The Music House Museum in Acme debuts a one-day spooktastic event Saturday, holding four sessions of a Haunted Halloween Family Fun featuring a little something for everyone.
The usual seasonal events of pumpkin decorating, hayrides, refreshments and games will be filled out with a showing of the Buster Keaton silent film "Haunted House," accompanied by the museum's Wurlitzer theater organ.
The mission for the day: fun for the whole family.
"It's one day only and we're really aiming it at families but adults and other children are welcome to come, they will have as much fun, too," said Sally Lewis, president of the Music House Museum's board. "We're encouraging people to wear costumes."
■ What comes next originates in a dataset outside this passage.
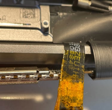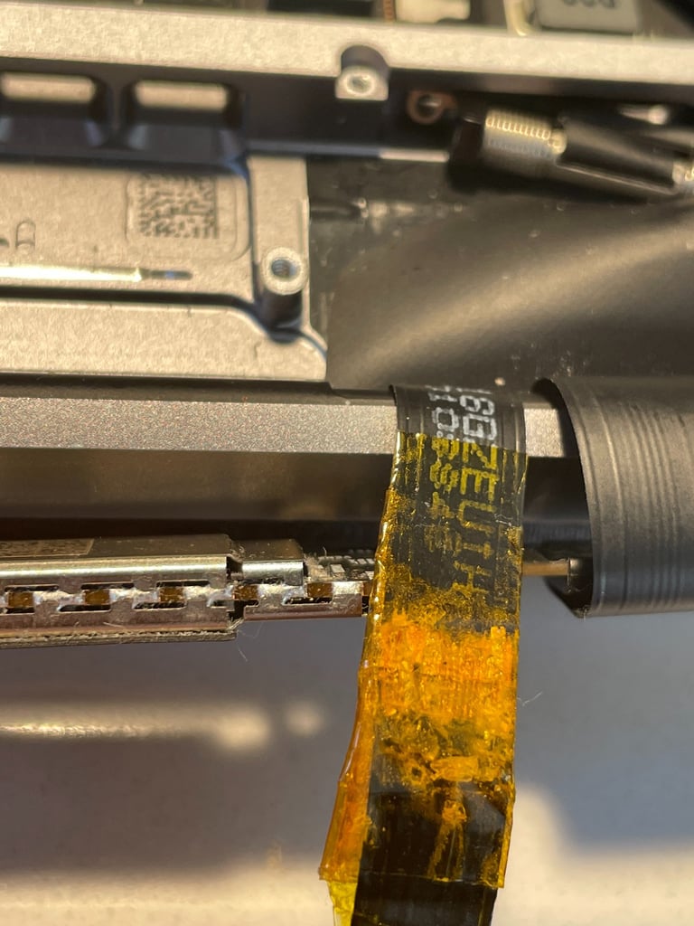 The band of electronics connected to the display 'clicks' into the base. Three black strips of varying widths are all that connect the display with this band. These strips bend as the laptop is opened and closed, and with repetitive strain, they have potential to break, thus breaking the connection of the minuscule copper wires inside (shown under microscope). The backlight strips in the 2016 Macbook Pros were not long enough and are pulled too taut when the laptop is opened, greatly increasing risk of breakage. You would think Apple could've spared a couple extra millimeters of copper.

Last weekend, Matt Kolbe and other volunteers dressed up the renovated former dairy barn that houses the museum's collection of antique musical instruments. They turned the Lyric Theater into a haunted funeral parlor and injected horror into the Hurry Back Saloon. The Traverse City Halloween aficionado also created a chilling cemetery near the museum's entrance.
The event is a fundraiser geared to boost the nonprofit's general operating fund, a venture always welcome for the facility completing its 26th season.
The Music House Museum offers daily tours of the 12,000-square-foot barn from May through October and on weekends in November and December. In addition to this Saturday's Haunted Halloween event, other programs during the season include a silent film series, a chamber concert series on the lawn during the summer and special events such as an antique car show.
The museum also hosts an annual School Days, which traces the history of musical instruments "From Edison to iPod." Local musician and educator Tom Kaufmann and other volunteers present the program to area school children.
New manager Phil Pelky has noticed that first time visitors encountering the 1922 Mortimer dance organ and hundreds of rare antique musical instruments and music-making machines have a similar reaction.
"It's a lot of jaw dropping and eye popping," he said. "In the two months I've been here there have been a lot of repeat customers, too that's kind of the best praise you can get."
Another avenue of outreach is that the facility is available for hosting parties and wedding receptions.
"The last wedding we had here used the big organ as their dance music," Pelky said.
Veteran board member Bob Jackson said the Music House Museum is one of the area's best kept secrets. While a guest book shows that the museum draws visitors from around the nation and world, it is less well-known regionally. Still, attendance rates hold steady over the years, showing a slight growth curve from 10,533 in 2005 to 11,703 in 2007, the last year figures were available.
Jackson believes the unique collection in a unique setting is a jewel for the area. The Music House Museum keeps alive the vision and determination of late founder Dave Stiffler, who was determined to preserve for future generations an era of mechanical music making.
"It's very unusual and the fact that nothing that you hear in a normal tour is electronic," Jackson said. "We do not use any artificial means of creating sound; every sound you hear is a gasp of air passing through something or a note being struck, so it's extremely authentic."
For more information on the Music House Museum or the Haunted Halloween Family Fun event, call 938-9300 or visit www.musichouse.org. Shows will be held at 1, 3, 5 and 7 p.m. that day and reservations are recommended. Tickets are $40 for a family, $15 for adults and $10 for ages 15 and under. The event will be held rain or shine.